What you should do. Output exactly, and only, the lines below from the one with "Figure 2. Jatropha" down to the one with "HAPPY MEMORIAL DAY". Include both end lines and no pictures.

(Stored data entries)

:::::

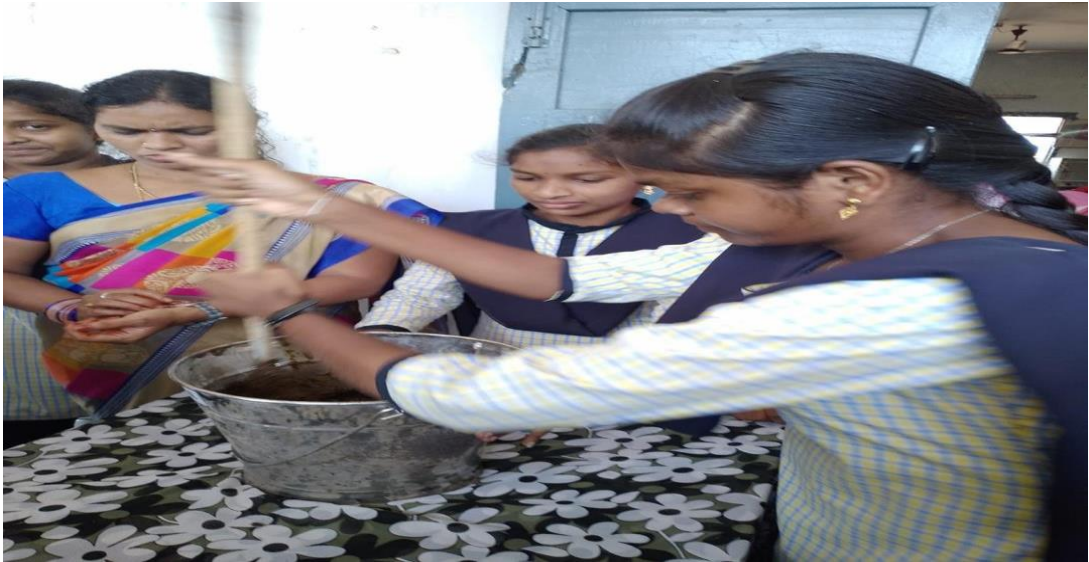
Students taking part in preparation of Jeevamrutham
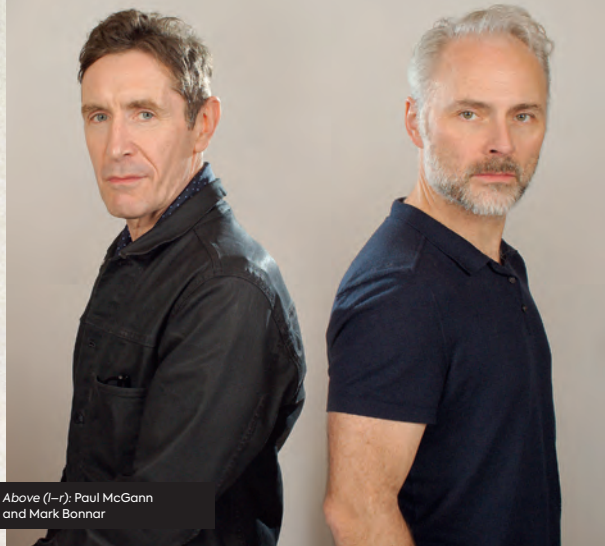
Above (l-r): Paul McGann and Mark Bonnar
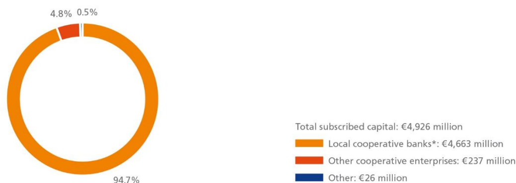
FIG. 2 – SHAREHOLDERS AS AT DECEMBER 31, 2020

The trading liabilities line item had contracted by €2.6 billion to €35.3 billion (December 31, 2019: €37.9 billion). Within this amount, repurchase agreements were down by €3.3 billion and structured fixed-term deposits were up by €1.1 billion.
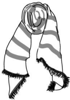
Figure 18. Sketch of Mrs. Latummahina's scarf (Figure oelh : Stephani nurgini, 2023)
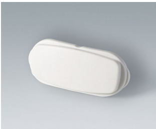
B2811207 End part ASA+PC (UL 94 V-0) off-white RAL 9002
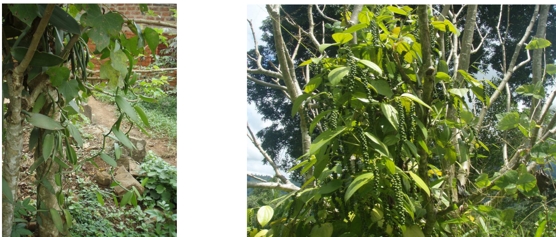
Figure 2. Jatropha as support plant for spices (vanilla and black pepper).

land 7 . The decline of banana yields on the other hand can be observed through the growing number of pineapple plants on this stands, although, due to low market development, prices and production risk are less attractive for the farmers. Observed but within the survey to be proven is the change of production measures like the increase of contouring or planting of trees which certify a rising awareness of the depletion of soil fertility. At the same time does the difficult market access and a hardly cost efficient production (periodically occurrence of high yields and no drain off to market lead to negligible prices) encourage farmers to seek new production opportunities. This is one of the reasons why the production of spices such as black pepper, cardamom, cinnamon and vanilla within the farming system of Tandai is increasing (see figure 2). This is also the reason for the appearance of the shrub Jatropha as host plant, since the normally (but increasingly formerly) used trees caused unacceptable harvesting casualties. Generally was the harvesting process characterised by being much more complicated. Today a lot of Jatropha trees – up to 4.5 meters – can be seen in Tandai, but with currently unused seeds. Therefore it can be inferred that a potential for outgrower schemes with Jatropha exist.
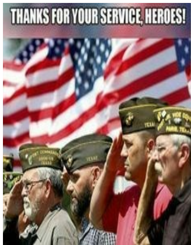
HAPPY MEMORIAL DAY
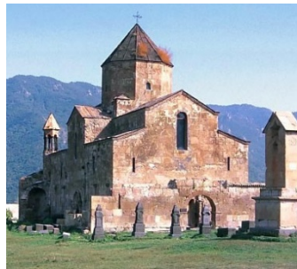
Fig. 12. Odzun Cathedral, Armenia
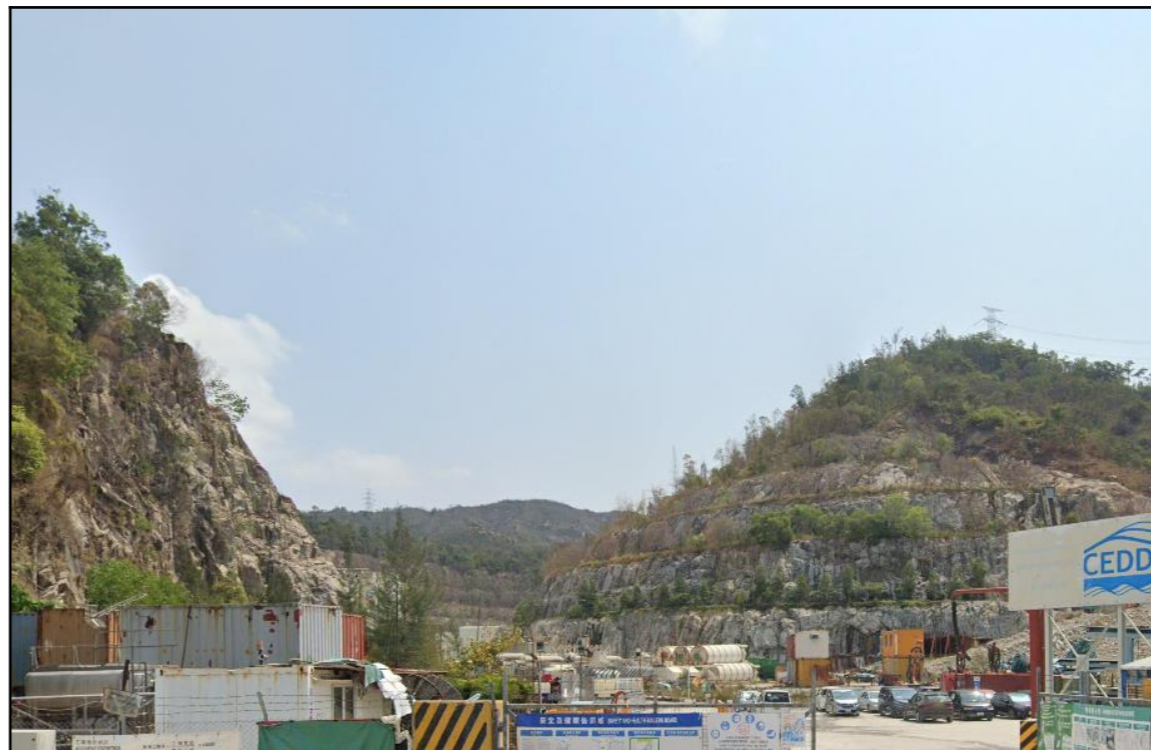
LR-LT2 – Plantations in Lam Tei

:::::

Solution for this exercise.
Figure 2. Jatropha as support plant for spices (vanilla and black pepper).

land 7 . The decline of banana yields on the other hand can be observed through the growing number of pineapple plants on this stands, although, due to low market development, prices and production risk are less attractive for the farmers. Observed but within the survey to be proven is the change of production measures like the increase of contouring or planting of trees which certify a rising awareness of the depletion of soil fertility. At the same time does the difficult market access and a hardly cost efficient production (periodically occurrence of high yields and no drain off to market lead to negligible prices) encourage farmers to seek new production opportunities. This is one of the reasons why the production of spices such as black pepper, cardamom, cinnamon and vanilla within the farming system of Tandai is increasing (see figure 2). This is also the reason for the appearance of the shrub Jatropha as host plant, since the normally (but increasingly formerly) used trees caused unacceptable harvesting casualties. Generally was the harvesting process characterised by being much more complicated. Today a lot of Jatropha trees – up to 4.5 meters – can be seen in Tandai, but with currently unused seeds. Therefore it can be inferred that a potential for outgrower schemes with Jatropha exist.
HAPPY MEMORIAL DAY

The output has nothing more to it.